Mis à part les documentaires et les docudrames inédits, offrant des histoires vraies, la chaîne entend faire du journalisme audiovisuel à travers des épisodes qui racontent des histoires portées par celles et ceux qui en sont les héros. C’est, à titre d’exemple, le cas du programme Hiwar Khas (entrevue privée). Dans ce dernier, il s’agit d’interviewer l’émir des islamistes de Daech. « Je crois que cette entrevue va contredire plein d’idées reçues à propos de l’extrémisme religieux. Le chef du groupe terroriste n’est pas quelqu’un de naïf, qui a subi un lavage de cerveau », fait remarquer Ahmed Al-Derrini, chef du secteur de la production auprès de la chaîne, en évoquant le programme Al-Safira Aziza.
Une programmation variée
La grille des programmes couvre tous les goûts 24h sur 24. Elle a commencé par offrir aux enfants un contenu qui sera diffusé pour la première fois dans le monde arabe, tel le film suisse Mon ami l’ours. En outre, les amateurs de sport ont rendez-vous avec le documentaire Pelé, le joyau noir et les cinéphiles peuvent regarder Les Best of Bergman, Hitler comme jamais vu auparavant, Al-Rihani, etc.

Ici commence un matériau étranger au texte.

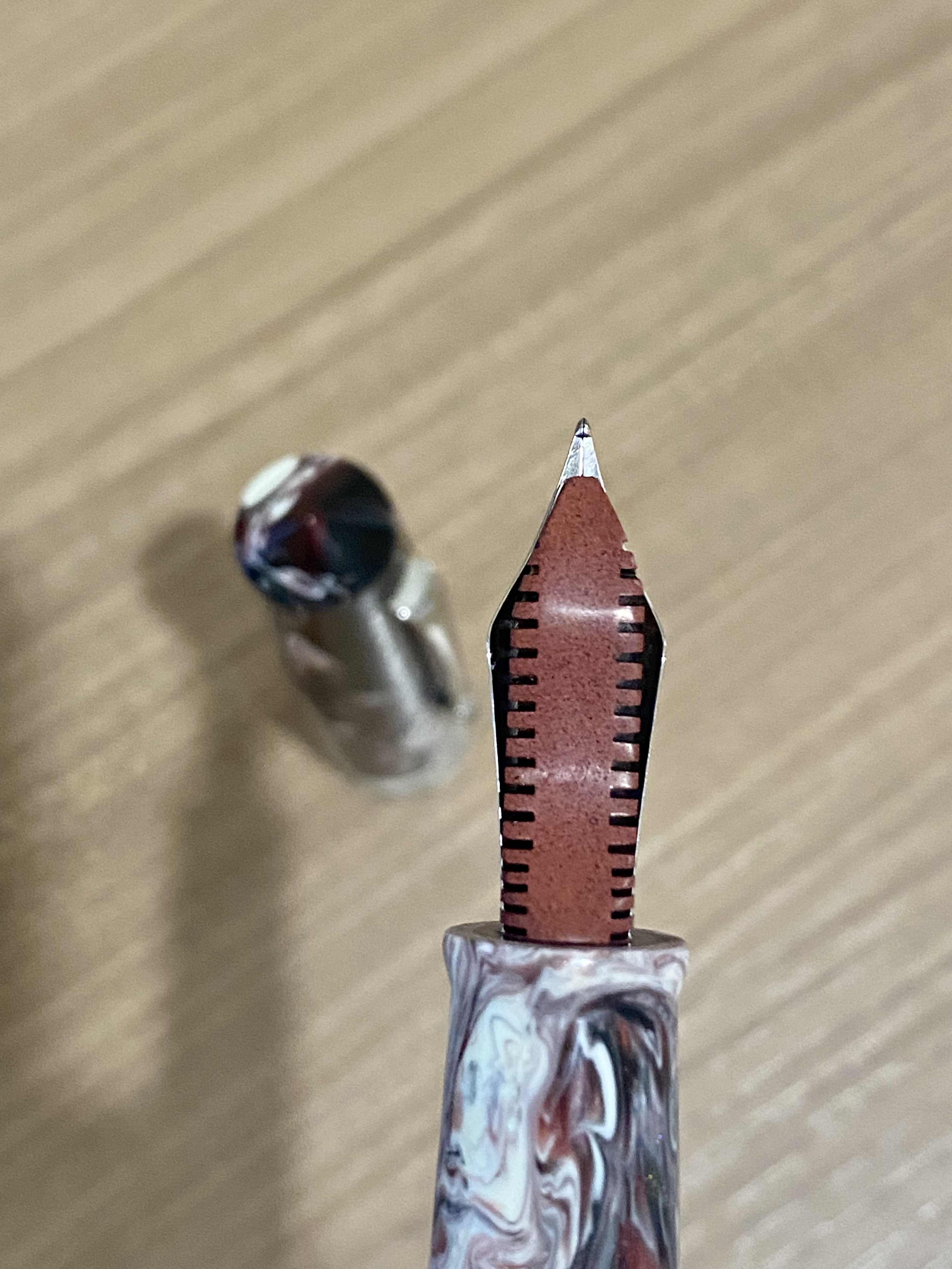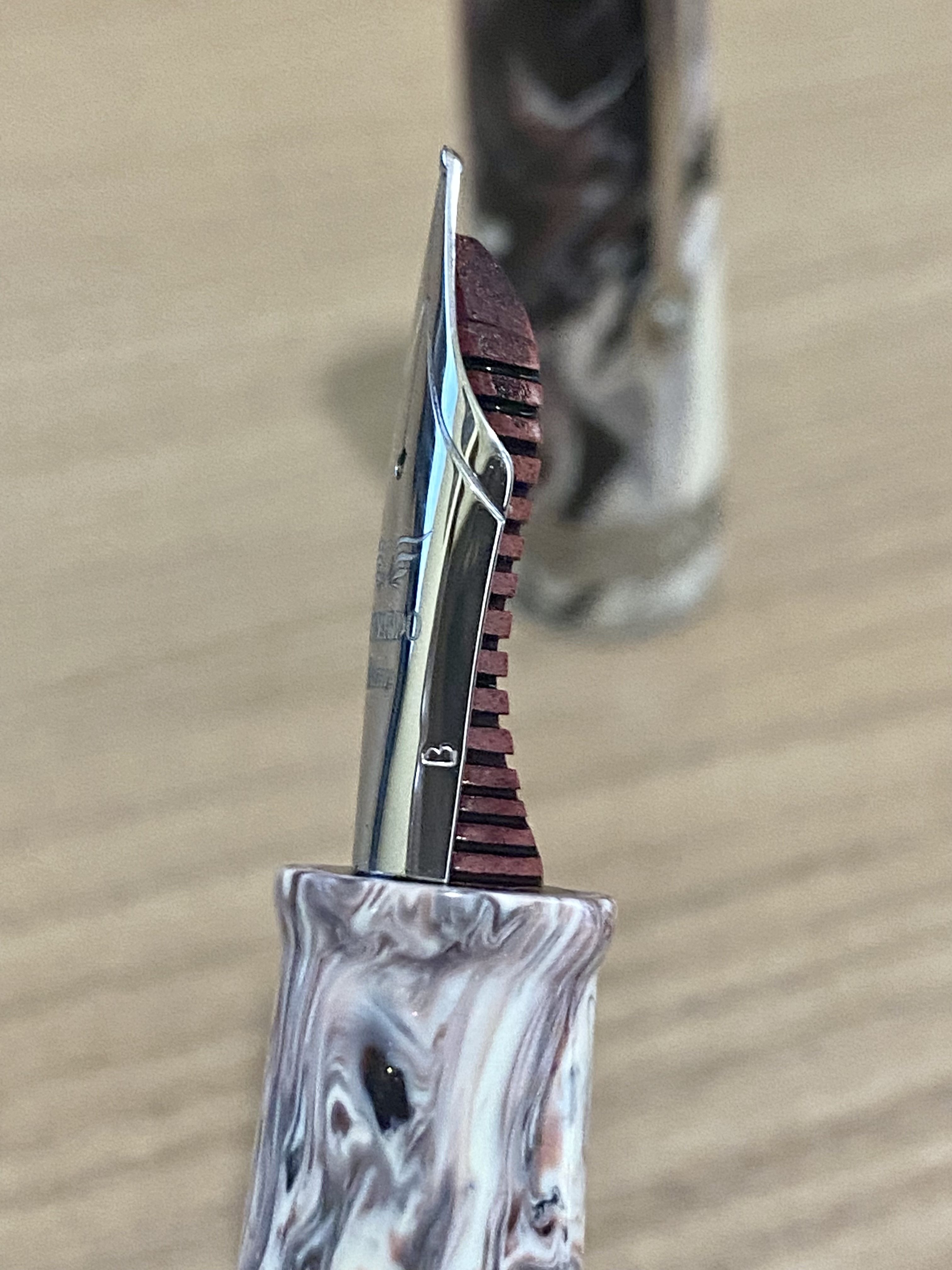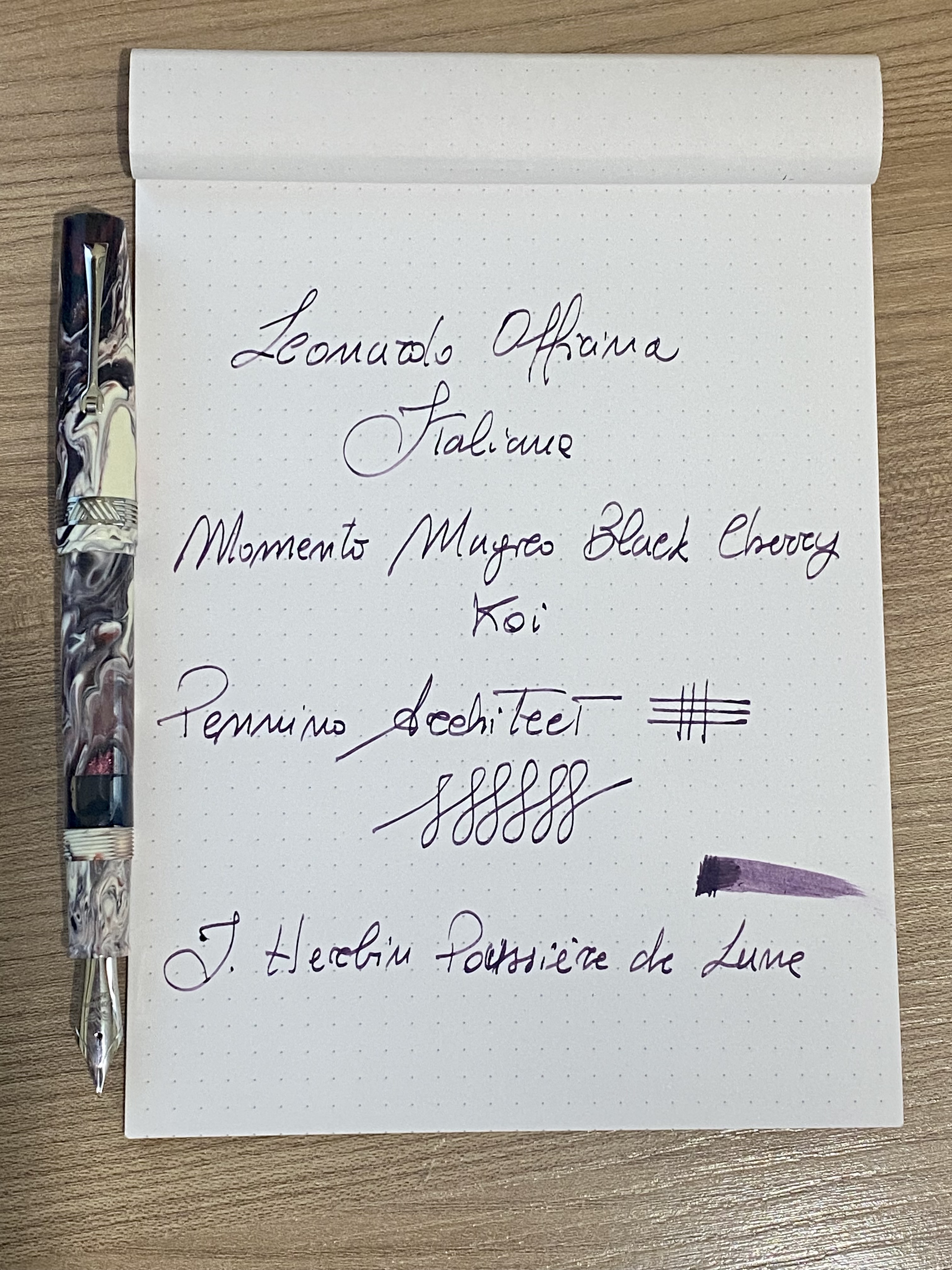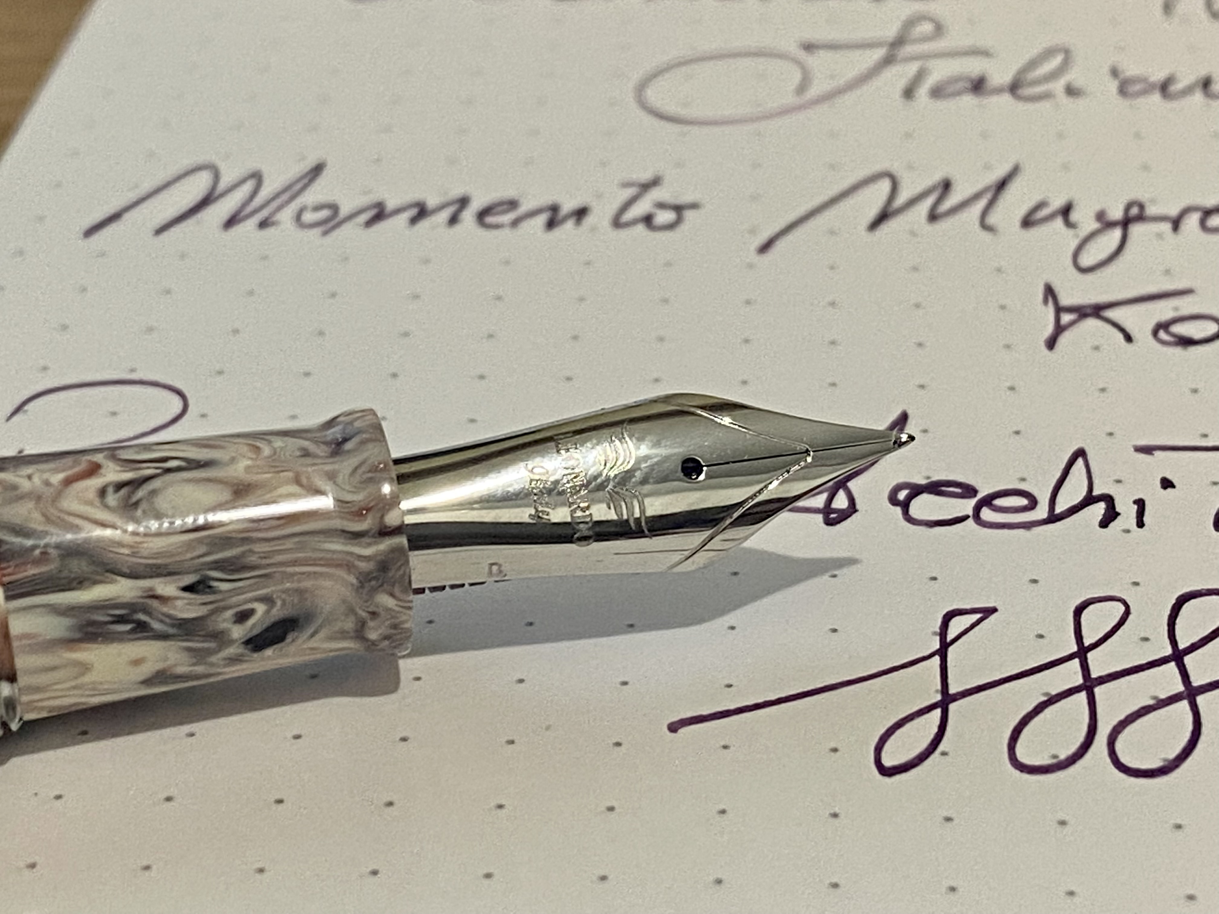 L'architect è in pratica il contrario di uno italico, e questo è un vero architect tagliente e dal feedback pronunciato, è un pennino che va capito e assecondato, bisogna trovare la giusta inclinazione su carta e poi via, scivola restituendo un piacevole effetto calligrafico che trovo particolarmente idoneo a chi prediligi tratti più fini. Il pennino consente anche una certa rotazione verso sinistra o destra, ed in queste condizioni il feedback è meno accentuato ma il flusso tende a diminuire, tenuto perfettamente perpendicolare invece offre un bel flusso generoso ma mai abbondante. Comunque con il suo alimentatore in ebanite non perde un colpo, scrive pagine su pagine senza mai fermarsi un attimo. Preciso comunque che io appena arrivata l'ho subito caricata con il J.Herbin Poussiere de Lune e non ho usato altri inchiostri.
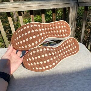 Comfy, cool, and super unique color. Smoke free, pet friendly home. The suede material is a little weathered, see photos. Women’s size 10
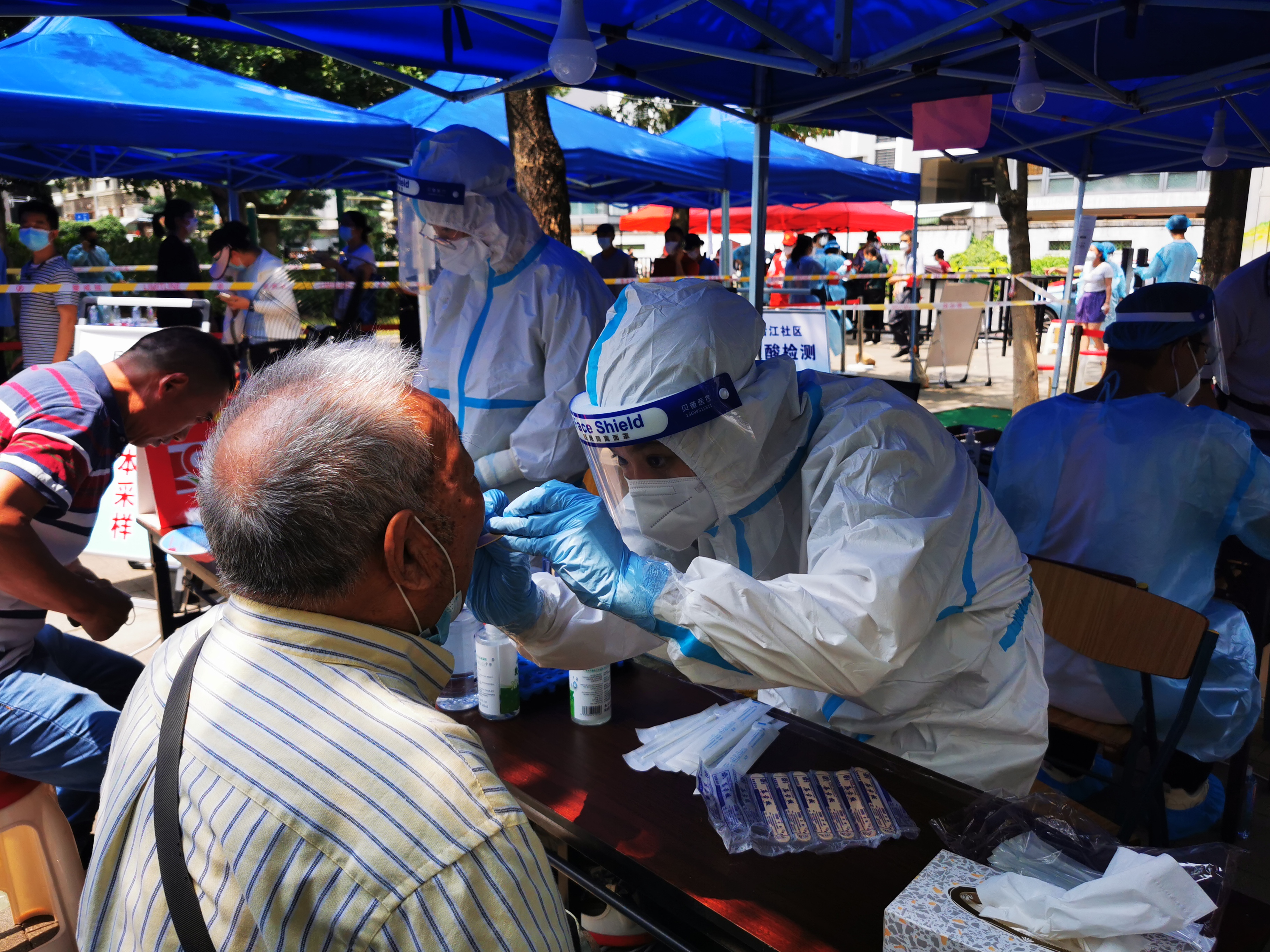 9月14日、15日,廈門眼科中心組織醫(yī)護(hù)人員,分批前往廈門何厝社區(qū)、萬壽陽臺山、祥濱公園、梅園公園等地點(diǎn)進(jìn)行核酸采樣。
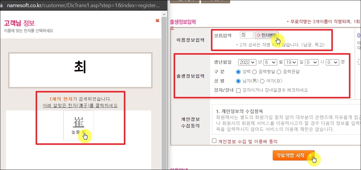 ▼남자 이름을 많이 보는 것이 중요한 것은 아닙니다. 이것을 사용할 사람에게 맞는 것을 찾아보는 것이 중요하죠. 성 씨와 생년월일, 성별, 장자 및 장녀 여부를 입력한 후 [무료작명 시작] 버튼을 눌러봅니다.
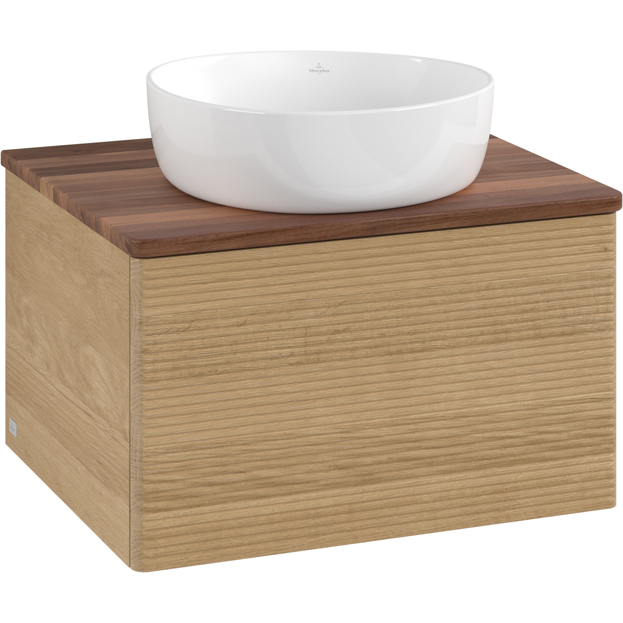 V&b antao servantskap 1 skuff rillet 600x360x500 u/kranhull m/lys eik/valnøtt

Les passionnés de lettres ne sont pas oubliés. Des documentaires sur le monde de Naguib Mahfouz ou celui de Youssef Idriss sont inclus au programme, de même qu’un documentaire sur la troupe de danse folklorique Réda, s’adressant aux amateurs de danse.
La nouvelle chaîne entend ainsi se distinguer par un large éventail de contenu aussi riche que varié. « La production des documentaires est coûteuse, mais ils ne sont pas rentables. Alors, l’idée que le pays soutient ce genre de contenu offre, d’une part, des opportunités pour tous ceux qui travaillent dans le domaine et, d’autre part, permet à cet art de s’épanouir », explique Rasha Al-Shamy, journaliste, réalisatrice et productrice de documentaires qui a déjà collaboré avec l’unité des documentaires, avant qu’elle ne se transforme en une chaîne spécialisée.
Essam Zakariya, critique de cinéma et président du Festival d’Ismaïliya pour les courts métrages et les documentaires, loue de son côté la décision de lancer une chaîne thématique du genre, en déclarant dans la presse : « Je souhaite voir, outre les documentaires, des émissions qui abordent différents genres de documentaires afin d’initier le public aux valeurs esthétiques. Je m’attends également à ce qu’elle couvre des festivals et des événements liés à ce genre ».